• TASK BRIEF: In the material below, pictures must be dropped. Repeat exactly, and only, the lines from the line with "⑧ show_list_foot.htm : 게시물" to the line with "7月3日正午,气温飙至40℃", both ends included.

• RECORDS PROVIDED:

[Start of section]

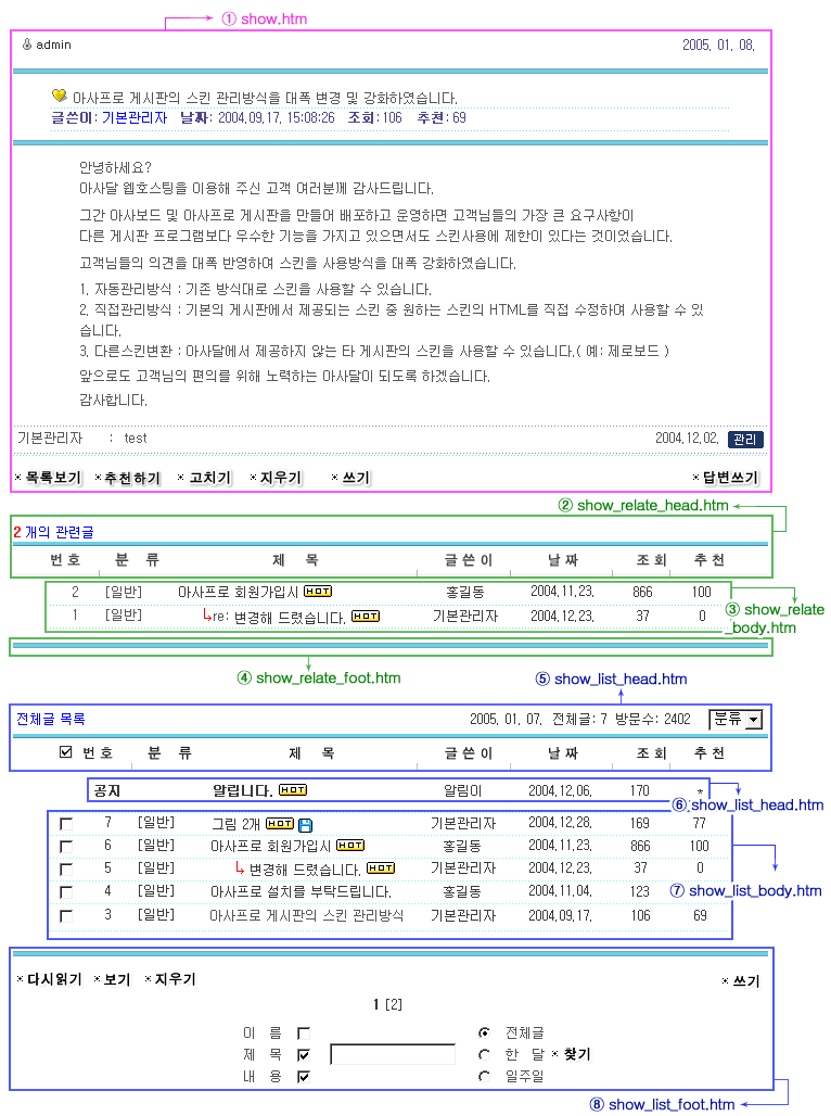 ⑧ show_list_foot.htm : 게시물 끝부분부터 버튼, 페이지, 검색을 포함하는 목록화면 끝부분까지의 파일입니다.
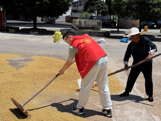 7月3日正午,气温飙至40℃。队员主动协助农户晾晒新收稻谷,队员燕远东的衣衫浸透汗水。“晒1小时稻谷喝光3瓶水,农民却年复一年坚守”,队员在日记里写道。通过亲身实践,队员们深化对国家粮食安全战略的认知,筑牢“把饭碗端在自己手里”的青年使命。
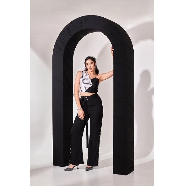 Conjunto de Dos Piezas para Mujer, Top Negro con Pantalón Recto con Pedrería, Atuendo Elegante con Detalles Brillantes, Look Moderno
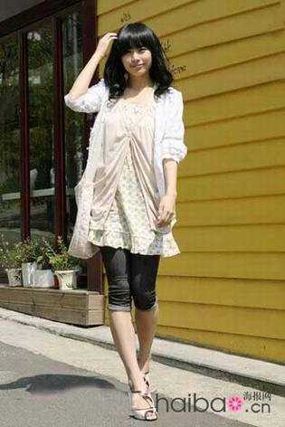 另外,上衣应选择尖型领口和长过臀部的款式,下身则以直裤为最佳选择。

[End of section]
[Start of section]

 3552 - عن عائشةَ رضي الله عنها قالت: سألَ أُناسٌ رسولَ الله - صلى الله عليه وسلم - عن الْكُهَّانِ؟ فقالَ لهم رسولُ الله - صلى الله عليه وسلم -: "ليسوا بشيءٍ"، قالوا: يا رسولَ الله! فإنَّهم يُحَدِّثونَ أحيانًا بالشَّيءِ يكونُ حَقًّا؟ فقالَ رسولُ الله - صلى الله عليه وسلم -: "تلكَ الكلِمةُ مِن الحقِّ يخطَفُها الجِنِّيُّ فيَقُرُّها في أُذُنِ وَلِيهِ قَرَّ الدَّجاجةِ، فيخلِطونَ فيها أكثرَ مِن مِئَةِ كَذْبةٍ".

[End of section]

• ANSWER SECTION:
 ⑧ show_list_foot.htm : 게시물 끝부분부터 버튼, 페이지, 검색을 포함하는 목록화면 끝부분까지의 파일입니다.
 7月3日正午,气温飙至40℃。队员主动协助农户晾晒新收稻谷,队员燕远东的衣衫浸透汗水。“晒1小时稻谷喝光3瓶水,农民却年复一年坚守”,队员在日记里写道。通过亲身实践,队员们深化对国家粮食安全战略的认知,筑牢“把饭碗端在自己手里”的青年使命。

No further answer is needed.